Depth of field is a photographic term that describes the range of distance within a scene that appears acceptably sharp. It is an important aspect of photography that adds a sense of realism to images by blurring the out-of-focus areas. In the video, depth of field is used as a technique to make the AI-generated images more realistic by simulating the way a camera focuses on the subject and blurs the background.

💡Facial Repair

Facial repair refers to the process of enhancing or correcting the appearance of a face in an image. In the context of the video, it is one of the methods mentioned for improving the quality and realism of the AI-generated images, particularly focusing on the character's face to ensure consistency and a more polished look.

💡LORA

LORA, or Low-Rank Adaptation, is a technique used in AI models to adapt the model to generate images that are consistent with a specific style or subject.
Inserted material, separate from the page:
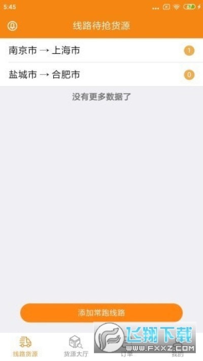 2、查看信息。点击【线路货源】或【货源大厅】菜单,查找货源信息。

In the video, it is mentioned as a method to achieve facial unity in AI-generated images by training the model with images of a specific model or character, ensuring that the generated faces are consistent across different images.

Highlights

The speaker introduces a method for generating consistent multi-angle images of characters and scenes, addressing a common issue in SD (presumably a digital art or animation software).

A tutorial video was previously published demonstrating the use of a 15宫格 (15-grid) system combined with OpenPose for generating consistent facial images of a character from different angles.

The current session focuses on extending the previous method to generate images of the same character in the same scene from different camera angles.

The speaker acknowledges the contribution of an unnamed foreign expert whose blog post inspired the method.

The method involves using two control nets, one for the street scene (lineart model) and another for the character (OpenPose skeletal model).

The speaker claims that their approach for generating multi-angle images is an exclusive first release on the internet.

Google Maps' Street View is recommended as a tool for obtaining images of streets from different angles without the need for physical photography.

The process includes finding suitable street views, capturing screenshots, and using image editing tools to prepare the images for the SD software.

The speaker provides a detailed demonstration of the image processing steps, including the use of Fireworks or Photoshop for image editing.

ControlNet's unit0 and unit1 settings are discussed, with the LINEART model being preferred for the lineart control net.

The importance of adjusting the control net's settings to match the resolution of the input images is emphasized.

The speaker explains how to use the骨骼图 (skeletal diagram) to create a template for generating the character in the scene.

The process of erasing the character area in the lineart to allow for character generation is described.

The final step involves using the 图生图 (image generation) feature to optimize and add realism to the generated images.

The speaker addresses the issue of image similarity and suggests that while the final images may not closely resemble the Google Street View images, they achieve the goal of showing the same character in different angles.

The speaker offers three methods for facial repair and unification of the character's face across images.

The tutorial concludes with a call to action for viewers to like the video for more content and a promise of future AI-related tutorials.